◆ **Aim of the exercise**
The reply must repeat the listing below exactly and carry none of its pictures.

[Source data Boundary: Start]

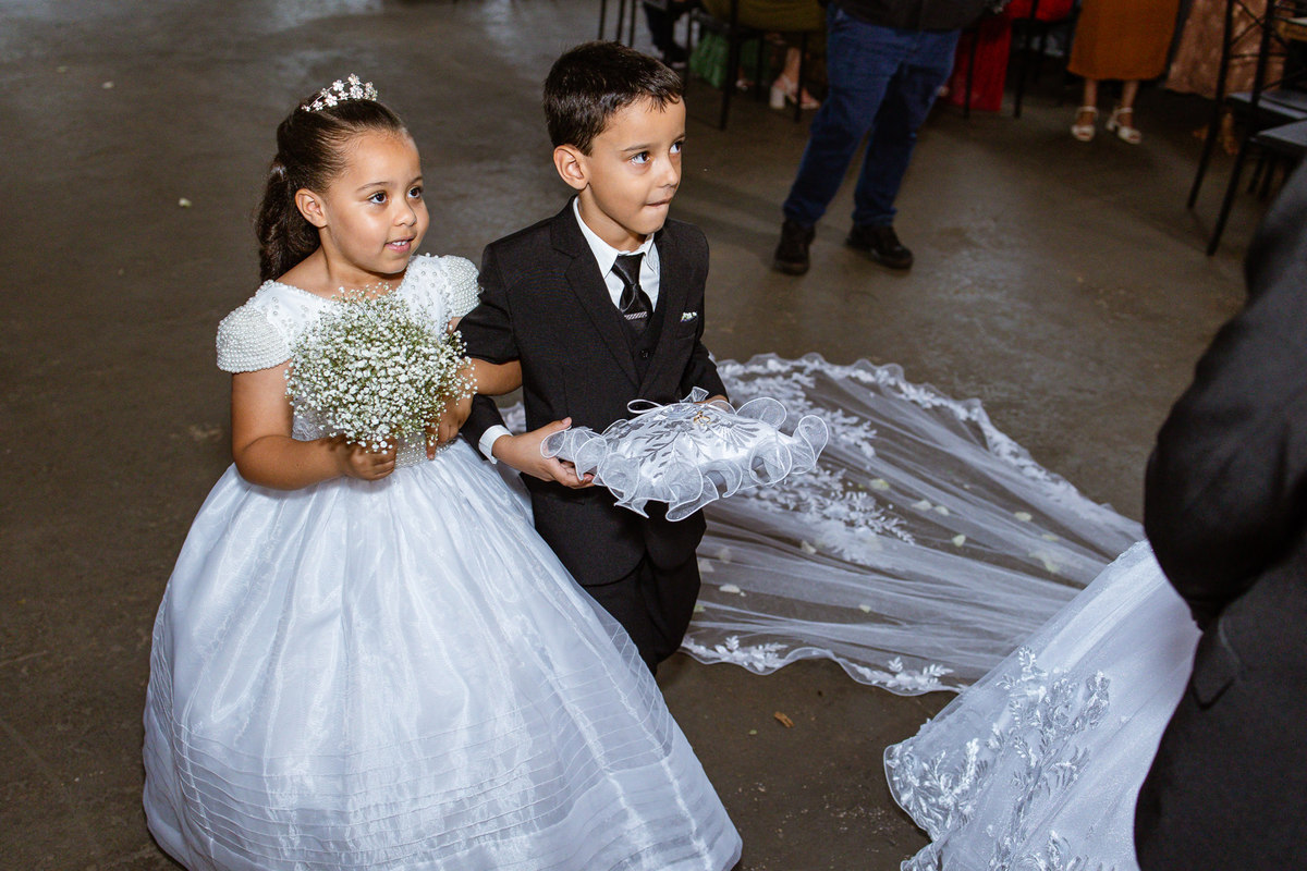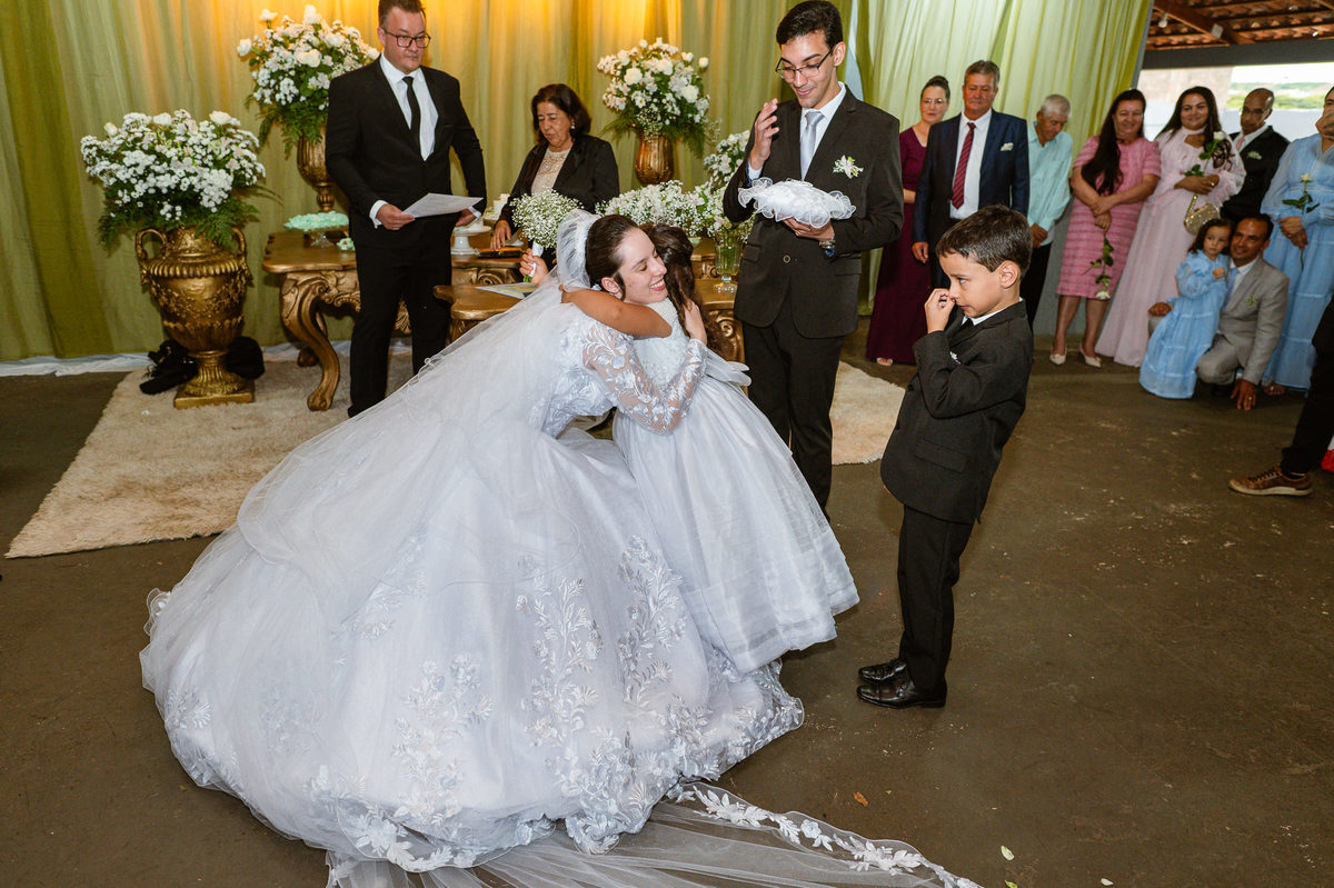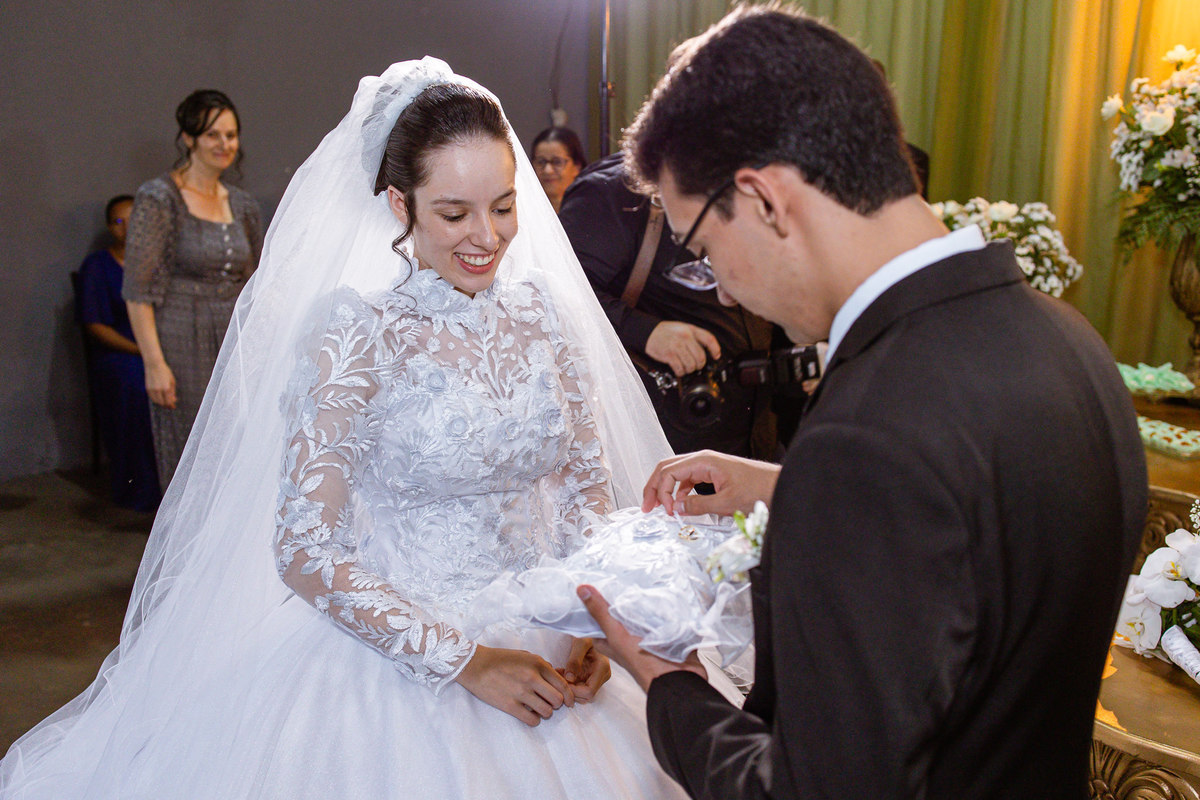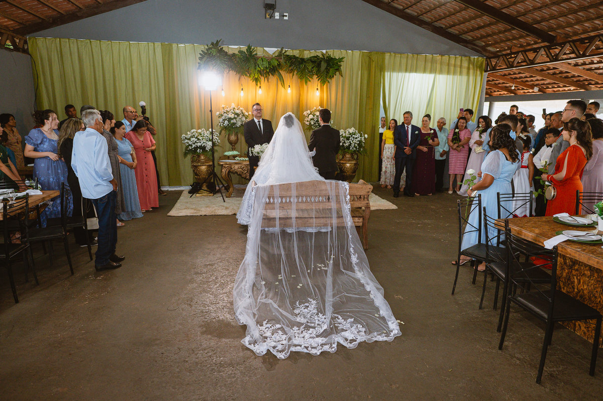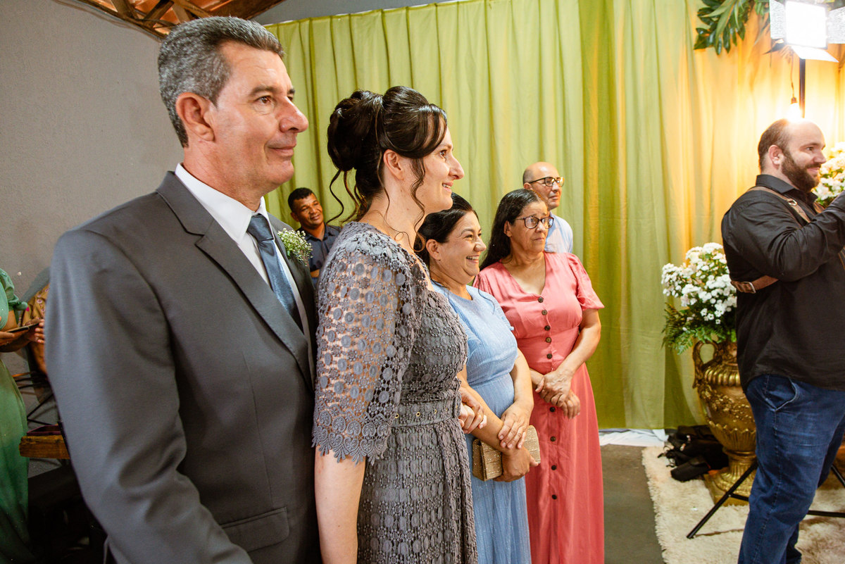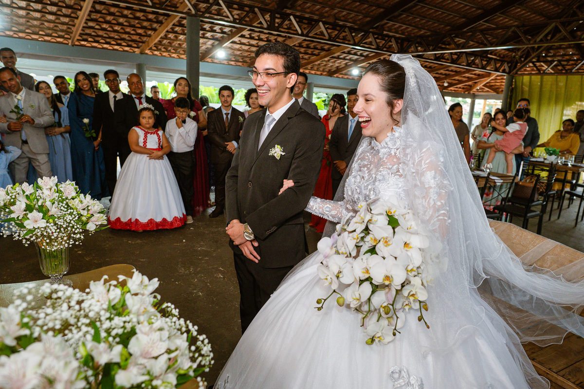 Foi um momento muito forte. Todos acompanhavam com muita felicidade. A juíza os recebeu e iniciou a celebração do casamento. E mesmo não sendo celebrante, ela nos trouxe uma palavra muito cativante. Parabenizou os dois pela atitude e destacou a importância do casamento nos dias atuais. Posteriormente, confirmou os votos de casamento dos dois que prontamente afirmaram em alto e bom som. Depois, as alianças foram trazidas por um casal de pajens que trouxe mais leveza ainda para esse momento. Adriel e Eduarda trocaram as alianças e prometeram amor e fidelidade um ao outro para sempre, fechando aquele instante com um beijo da aliança um do outro. Por fim, eles foram declarados casados e prosseguimos com a assinatura dos documentos.
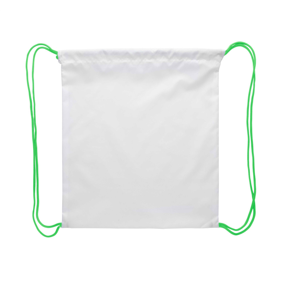 View products in the same categoryCustom-made green and white drawstring bag designed for children, made from 190T polyester with coloured strings and all-over sublimation printed graphics. Ideal for children’s daily activities, swimming lessons, or school sports.
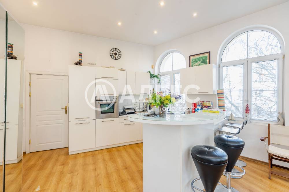 Характерно за имота са високите тавани, чийто обем вдъхновява и дава усещане за свобода и мащаб.
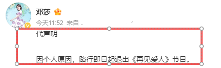 10月24日,就在《再见爱人5》开播前一个小时,邓莎发文宣布:因个人原因,路行即日起退出《再见爱人》节目。

[Source data Boundary: End]

◆ **Response below**
 Foi um momento muito forte. Todos acompanhavam com muita felicidade. A juíza os recebeu e iniciou a celebração do casamento. E mesmo não sendo celebrante, ela nos trouxe uma palavra muito cativante. Parabenizou os dois pela atitude e destacou a importância do casamento nos dias atuais. Posteriormente, confirmou os votos de casamento dos dois que prontamente afirmaram em alto e bom som. Depois, as alianças foram trazidas por um casal de pajens que trouxe mais leveza ainda para esse momento. Adriel e Eduarda trocaram as alianças e prometeram amor e fidelidade um ao outro para sempre, fechando aquele instante com um beijo da aliança um do outro. Por fim, eles foram declarados casados e prosseguimos com a assinatura dos documentos.
 View products in the same categoryCustom-made green and white drawstring bag designed for children, made from 190T polyester with coloured strings and all-over sublimation printed graphics. Ideal for children’s daily activities, swimming lessons, or school sports.
 Характерно за имота са високите тавани, чийто обем вдъхновява и дава усещане за свобода и мащаб.
 10月24日,就在《再见爱人5》开播前一个小时,邓莎发文宣布:因个人原因,路行即日起退出《再见爱人》节目。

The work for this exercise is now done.